O Manchester United confirmou que fará de 150 a 200 demissões de funcionários, o que o clube chamou de redundâncias, como parte das medidas de corte de gastos na gestão de Jim Ratcliffe. Em uma gestão que já se caracteriza por gastos milionários em contratações e indenizações, os cortes acontecem justamente na área onde menos se gasta.
Além das demissões, até as refeições para funcionários em Old Trafford e no Centro de Treinamento em Carrington foi cortada, o que indica a mentalidade do seu gestor bilionário – e algo muito comum de executivos visando cortar custos, sempre olhando para a base da pirâmide, nunca para o topo.
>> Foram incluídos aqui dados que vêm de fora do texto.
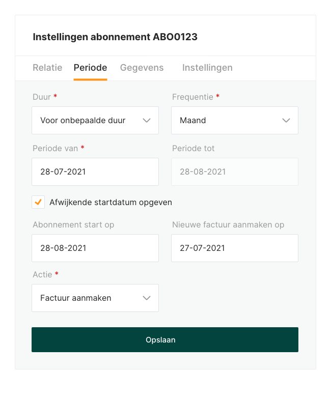 Jij hanteert voor je abonnementen standaard een start van de eerste tot de eerste van de maand. Maar nu moet je abonnement gefactureerd worden vanaf de 15e van die maand. Geen probleem! Je periode is bijvoorbeeld 01-06-2020 tot 01-07-2020 maar het abonnement gaat in op 15-06-2020. Je geeft dan bij het aanmaken van je abonnement een afwijkende startdatum op. De eerste periode wordt nu 15-06-2020 tot 01-07-2020 en de nieuwe periode is 01-07-2020 tot 01-08-2020. Je klant krijgt ook de rekening vanaf 15-06-2020 en die kosten worden automatisch berekend.
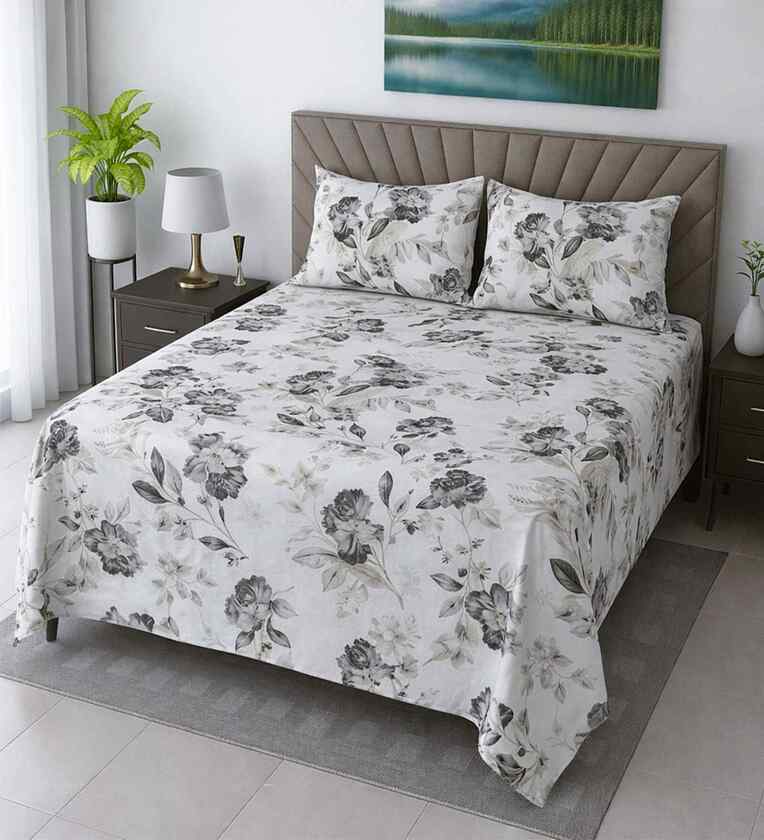 "Features minimalist Flowers & leaves sketches in striking shades on white for a clean, contemporary look". Upgrade your sleep with our Silky Touch 100% cotton, Flat bed sheets. Made from super fine premium cotton fiber. Comfortable and breathable, the soft buttery fabric will keep you in bed just a tad bit longer. The bed sheet is in Super King Bed size and is accompanied with a matching pillow cover, The Thread count of 330 TC gives a reason to have comfort and hence happiness. (1 Bed sheet + 2 Pillow Cover). Can be Hand & Machine washed. Suitable for all seasons, 100% Cotton, Super soft and rich premium fabric, Preshrink, Quality Stitched & Skin friendly

Era esperado que algumas demissões acontecessem, porque o Manchester United era o clube com mais funcionários na Premier League. A forma como isso aconteceu e a frequência, com duas rodadas de demissão, já causam desconforto, especialmente pela forma como aconteceu.
Enquanto o Manchester United demite funcionários, corta refeições e aumenta preços de ingressos, Jim Ratcliffe mantém uma política de gastos milionários em contratações e indenizações. A gestão do bilionário, longe de resolver as dívidas históricas do clube, expõe uma contradição: economiza onde dói mais e gasta onde menos resolve.
Jim Ratcliffe, o homem por trás da tesourada
Jim Ratcliffe, CEO e fundador da INEOS, gigante do setor petroquímico, se tornou sócio minoritário do clube em fevereiro de 2024. A ideia inicial era se tornar acionista majoritário, mas os Glazer, atuais majoritários, não queriam vender. Assim, Ratcliffe aceitou se tornar sócio minoritário com uma condição: ter controle sobre toda operação esportiva. Assim foi feito.
Conhecido como torcedor do clube, havia a expectativa que ele trouxesse melhorias para o United. O que vimos até agora não corrobora com isso. Dentro de campo, manteve o técnico Erik Tem Hag no cargo, mesmo sem ter convicção sobre o seu trabalho, pela vitória na final da Copa da Inglaterra. Demitiu o treinador cinco meses depois.
A decisão de manter Ten Hag não teve apenas consequências esportivas, mas também financeiras. Além de ter gastado mais de 200 milhões de libras em reforços pedidos pelo treinador, ainda teria a indenização na demissão do treinador, de mais de 10 milhões de libras. E mais 11 milhões de libras pagos ao Sporting pela multa do rompimento contratual de Rúben Amorim, escolhido como substituto.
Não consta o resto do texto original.